CONVERSE was based on quite simple intuitions: that conversational skill is a compromise between two tendencies. First, there is the active, top-down, intentional driver with something to say (the feature that Colby's PARRY (Colby 1971) had and Weizenbaum's ELIZA (Weizenbaum 1967) so clearly lacked).
Secondly, there was the passive, bottom-up, listener aspect which meant understanding what was said to it and react appropriately, by answering questions or even changing the topic. This, as all researchers know, is much harder because it requires understanding. Humans who lack it are conspicuously bad conversationalists but this is normally attributed to not listening rather than not understanding what is said. We could call the simple CONVERSE architecture (Figure 1) Pushmepullyou (after Dr Doolittle) to convey the tension between the two elements.
What we are now engaged in is an attempt to move both the push and pull sides to a higher level.
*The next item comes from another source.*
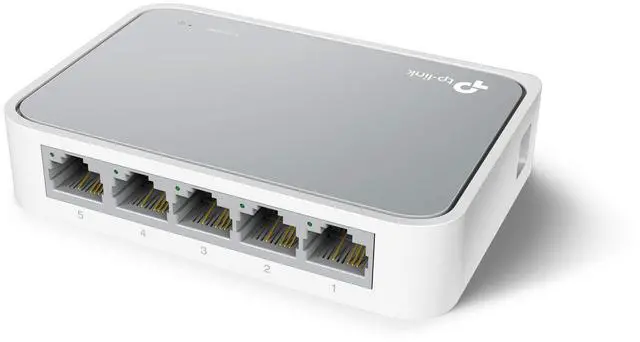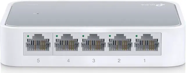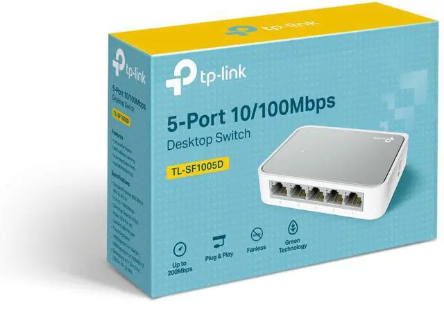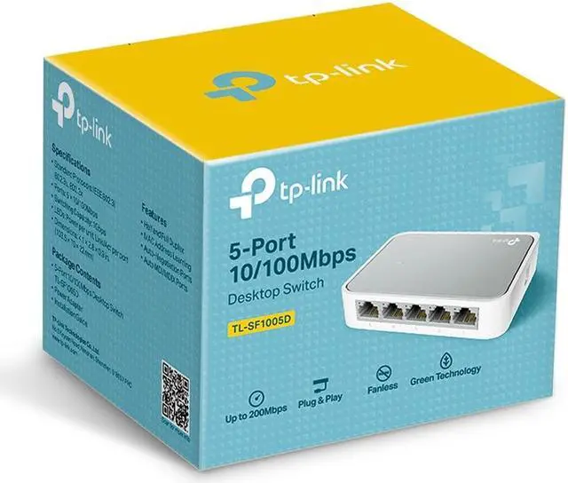 The TL-SF1005D 5-Port 10/100Mbps desktop switch provides an easy way to expand your wired network. All 5 ports support auto-MDI/MDIX, eliminating the need to worry about the type of cable to use. Featuring full duplex mode, the TL-SF1005D can process data at a rate of up to 200Mbps making it an ideal choice for expanding your high performance wired network. Moreover, with innovative energy-efficient technology, the TL-SF1005D can save power consumption, making it an eco-friendly solution for your home or office network.

For the latter we hope to use a model of individual agents beliefs and intentions we have worked on (in Sheffield and New Mexico) for some years, called ViewGen [26], it is a well-developed method (with several iterations of Prolog programs) of creating and manipulating the beliefs, goals etc. of individual spaces for inference we call environments, all controlled by an overall default process called ascription that propagates beliefs etc. from space to space with minimum effort so the system can model the states of other agents it is communicating with.
It is based on the general assumption that a communicating agent must model the internal states of its interlocutor agents as best it can, not just by storing their features, like age and size, but their own states. This system is much stronger than the rather elementary Person Data Base in CONVERSE but we intend to strengthen that with aspects of ViewGen so as to increase its functionality substantially.
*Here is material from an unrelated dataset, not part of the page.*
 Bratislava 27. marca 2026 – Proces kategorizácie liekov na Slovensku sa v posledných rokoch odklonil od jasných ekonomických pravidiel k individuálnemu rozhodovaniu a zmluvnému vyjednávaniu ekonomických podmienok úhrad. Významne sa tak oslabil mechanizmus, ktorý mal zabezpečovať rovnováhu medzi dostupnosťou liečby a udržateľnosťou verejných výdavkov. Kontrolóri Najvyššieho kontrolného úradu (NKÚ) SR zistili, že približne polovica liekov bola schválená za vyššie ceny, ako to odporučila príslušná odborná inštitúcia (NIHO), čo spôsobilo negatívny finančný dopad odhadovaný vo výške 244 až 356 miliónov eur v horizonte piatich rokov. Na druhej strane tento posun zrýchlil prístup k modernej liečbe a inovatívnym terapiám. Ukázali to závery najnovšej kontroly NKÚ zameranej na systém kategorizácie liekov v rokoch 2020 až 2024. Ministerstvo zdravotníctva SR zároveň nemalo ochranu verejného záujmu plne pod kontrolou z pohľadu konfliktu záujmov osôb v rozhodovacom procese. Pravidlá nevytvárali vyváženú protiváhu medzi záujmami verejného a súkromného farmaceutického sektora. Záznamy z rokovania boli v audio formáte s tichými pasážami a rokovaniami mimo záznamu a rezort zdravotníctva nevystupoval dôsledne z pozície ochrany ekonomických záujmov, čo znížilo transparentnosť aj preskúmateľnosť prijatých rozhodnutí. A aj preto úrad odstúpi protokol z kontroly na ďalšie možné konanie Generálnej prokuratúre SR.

The more immediately challenging move is to replace the push-me or parsing side of CONVERSE, which was based on a statistical parser of general English prose with a shell of what we called microqueries which adapted it to dialogue from normal prose.
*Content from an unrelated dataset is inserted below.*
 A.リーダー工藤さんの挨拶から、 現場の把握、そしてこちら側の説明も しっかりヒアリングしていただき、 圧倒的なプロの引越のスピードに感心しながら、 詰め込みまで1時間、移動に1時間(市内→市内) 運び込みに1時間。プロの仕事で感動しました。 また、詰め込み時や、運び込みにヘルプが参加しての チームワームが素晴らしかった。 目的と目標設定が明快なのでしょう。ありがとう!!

We are currently working on a robust parser of English conversation, which is to say, a transducer from sentences to a set of dialogue acts plausible for any domain. Now is a perfect moment to do this since corpora of English dialogue (like the British National Corpus or BNC) have now become available so that this task can be seen as an extension of contemporary empirical computational linguistics into the field of pragmatics itself, the last bastion. The chief difficulty, suffered by all researchers in this tradition, is that although the BNC is available for unsupervised training, there is very little dialogue corpus (Apart from Edinburgh's MAPTASK [27], Rochester's TRAINS and a corpus at VerbMobil) which is marked with a set of dialogue acts for supervised training and evaluation. There is currently an international initiative (DAMSL) [28] in this area but as yet few signs of progress. The next key step in empirical linguistics, one not yet achieved anywhere, will be such a robust model of English dialogue structure, probably using machine learning methods, a task so far only attempted for speech interfaces in very narrow domains.